[ASSIGNMENT]
Using the entries below, output exactly the line containing "長さ27m カラー:クリア *シートの光沢面(ツルツルした面)を布地側に向けてご使用ください。" and all lines that follow it to the end.

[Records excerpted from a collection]
[Start of section]

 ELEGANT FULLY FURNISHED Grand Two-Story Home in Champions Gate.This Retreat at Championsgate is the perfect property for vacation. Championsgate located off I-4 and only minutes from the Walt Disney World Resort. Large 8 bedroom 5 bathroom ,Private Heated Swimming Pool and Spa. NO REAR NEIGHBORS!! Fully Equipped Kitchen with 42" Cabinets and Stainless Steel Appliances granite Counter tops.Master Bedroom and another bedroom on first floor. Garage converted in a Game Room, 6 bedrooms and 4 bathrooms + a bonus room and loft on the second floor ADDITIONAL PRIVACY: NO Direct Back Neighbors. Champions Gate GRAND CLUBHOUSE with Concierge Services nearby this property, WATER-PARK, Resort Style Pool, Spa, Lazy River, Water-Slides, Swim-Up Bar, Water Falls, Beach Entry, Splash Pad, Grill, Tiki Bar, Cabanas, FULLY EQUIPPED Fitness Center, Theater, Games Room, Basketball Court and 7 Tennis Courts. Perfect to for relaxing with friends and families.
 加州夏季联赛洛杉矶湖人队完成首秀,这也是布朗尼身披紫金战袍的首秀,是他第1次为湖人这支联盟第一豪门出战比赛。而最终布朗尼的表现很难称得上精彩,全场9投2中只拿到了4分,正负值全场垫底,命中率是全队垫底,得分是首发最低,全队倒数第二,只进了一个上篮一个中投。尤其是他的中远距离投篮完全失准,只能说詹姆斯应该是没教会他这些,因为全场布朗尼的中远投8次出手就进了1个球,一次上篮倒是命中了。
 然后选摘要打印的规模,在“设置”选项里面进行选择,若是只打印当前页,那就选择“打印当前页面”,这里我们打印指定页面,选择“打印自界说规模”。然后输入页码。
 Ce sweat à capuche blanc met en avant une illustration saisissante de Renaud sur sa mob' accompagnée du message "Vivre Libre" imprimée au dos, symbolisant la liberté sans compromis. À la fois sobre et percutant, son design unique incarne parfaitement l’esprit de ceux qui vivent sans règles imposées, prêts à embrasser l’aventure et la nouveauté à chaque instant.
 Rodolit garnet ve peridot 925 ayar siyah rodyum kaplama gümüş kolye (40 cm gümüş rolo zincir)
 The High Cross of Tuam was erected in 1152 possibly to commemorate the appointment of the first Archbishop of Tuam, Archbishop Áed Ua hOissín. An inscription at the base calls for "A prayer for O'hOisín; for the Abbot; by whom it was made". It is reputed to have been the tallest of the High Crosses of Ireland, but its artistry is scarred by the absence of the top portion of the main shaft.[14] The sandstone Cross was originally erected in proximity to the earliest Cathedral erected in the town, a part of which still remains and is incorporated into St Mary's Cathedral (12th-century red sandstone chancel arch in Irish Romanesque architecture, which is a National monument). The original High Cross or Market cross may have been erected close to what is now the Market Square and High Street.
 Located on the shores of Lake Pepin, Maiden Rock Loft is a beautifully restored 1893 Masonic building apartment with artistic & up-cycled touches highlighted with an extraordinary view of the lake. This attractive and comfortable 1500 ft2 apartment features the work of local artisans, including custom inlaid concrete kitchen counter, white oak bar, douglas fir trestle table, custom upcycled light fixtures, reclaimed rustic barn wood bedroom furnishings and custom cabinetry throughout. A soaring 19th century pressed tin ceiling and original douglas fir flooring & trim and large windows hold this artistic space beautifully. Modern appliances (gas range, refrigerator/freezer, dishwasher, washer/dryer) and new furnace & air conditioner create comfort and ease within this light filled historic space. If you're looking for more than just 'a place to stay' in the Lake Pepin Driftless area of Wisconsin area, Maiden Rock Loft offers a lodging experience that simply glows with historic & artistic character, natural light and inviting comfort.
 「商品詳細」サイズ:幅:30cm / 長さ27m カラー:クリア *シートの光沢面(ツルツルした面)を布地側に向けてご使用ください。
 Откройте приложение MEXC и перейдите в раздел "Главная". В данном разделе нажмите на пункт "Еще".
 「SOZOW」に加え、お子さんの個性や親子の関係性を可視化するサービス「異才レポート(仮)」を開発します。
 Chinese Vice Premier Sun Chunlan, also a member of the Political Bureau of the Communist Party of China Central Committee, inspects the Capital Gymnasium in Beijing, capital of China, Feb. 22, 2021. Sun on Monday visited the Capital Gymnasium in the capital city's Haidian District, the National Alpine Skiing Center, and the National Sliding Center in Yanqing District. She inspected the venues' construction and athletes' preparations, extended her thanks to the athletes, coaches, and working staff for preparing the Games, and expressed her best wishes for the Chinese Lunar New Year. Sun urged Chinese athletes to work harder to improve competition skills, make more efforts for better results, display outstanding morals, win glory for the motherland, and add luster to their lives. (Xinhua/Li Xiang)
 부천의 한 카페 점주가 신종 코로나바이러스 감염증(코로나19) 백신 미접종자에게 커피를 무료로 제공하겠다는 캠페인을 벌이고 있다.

[End of section]

[YOUR RESPONSE]
 「商品詳細」サイズ:幅:30cm / 長さ27m カラー:クリア *シートの光沢面(ツルツルした面)を布地側に向けてご使用ください。
 Откройте приложение MEXC и перейдите в раздел "Главная". В данном разделе нажмите на пункт "Еще".
 「SOZOW」に加え、お子さんの個性や親子の関係性を可視化するサービス「異才レポート(仮)」を開発します。
 Chinese Vice Premier Sun Chunlan, also a member of the Political Bureau of the Communist Party of China Central Committee, inspects the Capital Gymnasium in Beijing, capital of China, Feb. 22, 2021. Sun on Monday visited the Capital Gymnasium in the capital city's Haidian District, the National Alpine Skiing Center, and the National Sliding Center in Yanqing District. She inspected the venues' construction and athletes' preparations, extended her thanks to the athletes, coaches, and working staff for preparing the Games, and expressed her best wishes for the Chinese Lunar New Year. Sun urged Chinese athletes to work harder to improve competition skills, make more efforts for better results, display outstanding morals, win glory for the motherland, and add luster to their lives. (Xinhua/Li Xiang)
 부천의 한 카페 점주가 신종 코로나바이러스 감염증(코로나19) 백신 미접종자에게 커피를 무료로 제공하겠다는 캠페인을 벌이고 있다.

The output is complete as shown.